Even without any sound in the moving picture, you could tell that the woman with horribly discolored skin was screaming.

"The criminal who originally Transfigured gold into wine and gave it to this woman to drink, 'in payment of the debt' as he put it, received a sentence of ten years in Azkaban. Please turn to page 6. That is a Dementor. They are the guardians of Azkaban. They suck away at your magic, your life, and any happy thoughts you try to have. The picture on page 7 is of the criminal ten years later, on his release. You will note that he is dead - yes, Mr. Potter?"

"Professor," Harry said, "if the worst happens in a case like that, is there any way of maintaining the Transfiguration?"

"No," Professor McGonagall said flatly. "Sustaining a Transfiguration is a constant drain on your magic which scales with the size of the target form.
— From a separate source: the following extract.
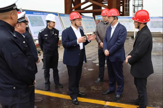在主橋施工現(xiàn)場,工作組認真聽取了齊魯黃河大橋工程建設(shè)等有關(guān)情況的匯報,并詳細了解了主橋梁板架設(shè)、施工中存在的問題難題和建設(shè)工期安排。曹鳳陽表示,此次“萬警進萬企”活動緊緊圍繞市委政法委部署要求,堅持“主動聯(lián)系企業(yè)、主動服務企業(yè)、主動保護企業(yè)”原則,及時了解企業(yè)需求,響應企業(yè)訴求,努力為企業(yè)辦實事、做好事、解難事,建立常態(tài)化聯(lián)系溝通機制,助力企業(yè)健康發(fā)展、高質(zhì)量發(fā)展。他指出,齊魯黃河大橋的順利建成將極大推動槐蔭和齊河兩地旅游業(yè)和經(jīng)濟社會互動發(fā)展,為建設(shè)“大強美富通”現(xiàn)代化國際大都市作出新的更大貢獻。
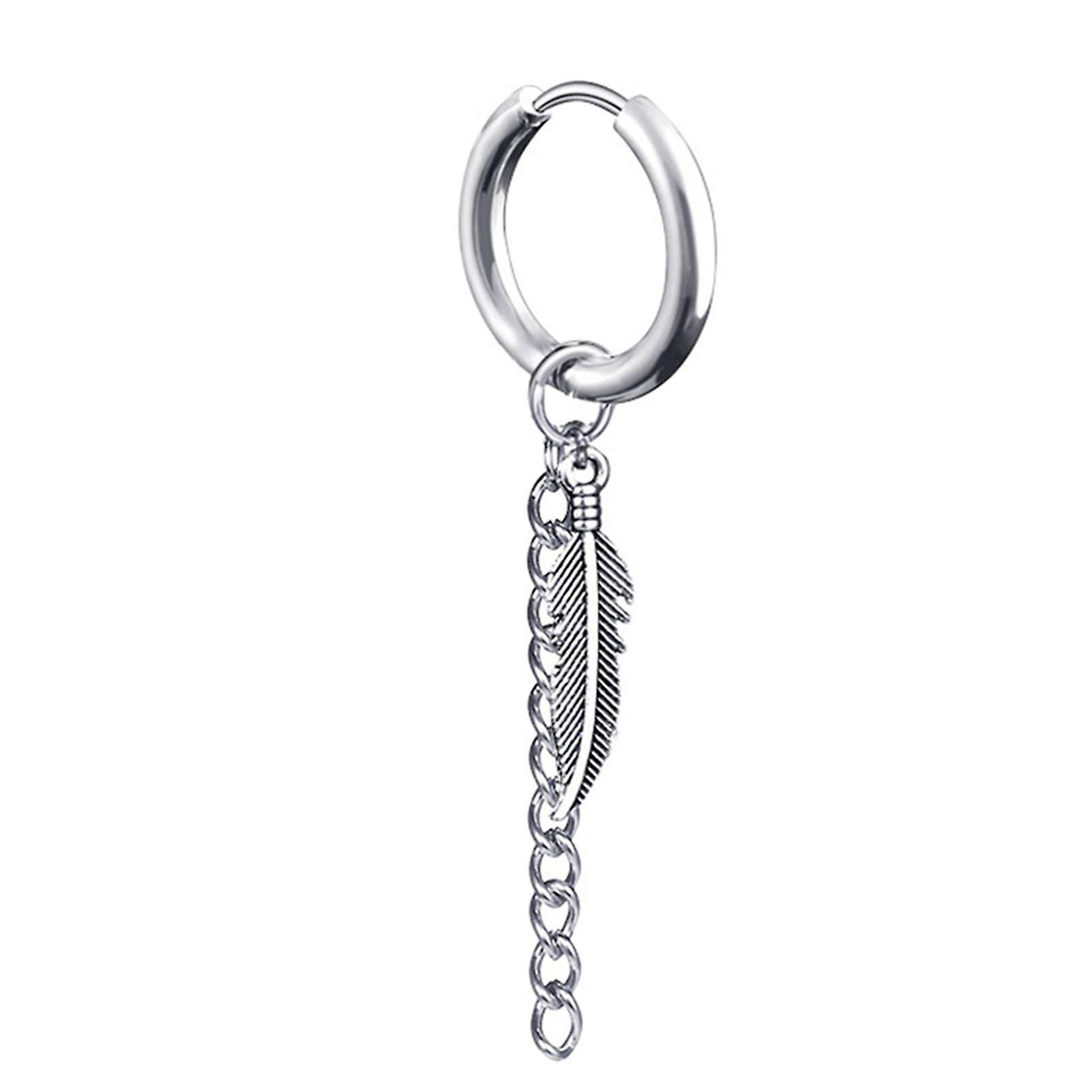 1Pcs Fashion Long Chain Ear Clip Stainless Steel Piercing Loop Hoop Earring for Men

And you would need to recontact the target every few hours, which is, in a case like this, impossible. Disasters like this are unrecoverable!"

Professor McGonagall leaned forwards, her face very hard. "You will absolutely never under any circumstances Transfigure anything into a liquid or a gas. No water, no air. Nothing like water, nothing like air. Even if it is not meant to drink. Liquid evaporates, little bits and pieces of it get into the air. You will not Transfigure anything that is to be burned. It will make smoke and someone could breathe that smoke! You will never Transfigure anything that could conceivably go inside anyone's body by any means. No food. Nothing that looks like food. Not even as a funny little prank where you mean to tell them about your mud pie before they actually eat it. You will never do it. Period. Inside this classroom or out of it or anywhere. Is that well understood by every single student? "

"Yes," said Harry, Hermione, and a few others. The rest seemed to be speechless.

"Is that well understood by every single student?"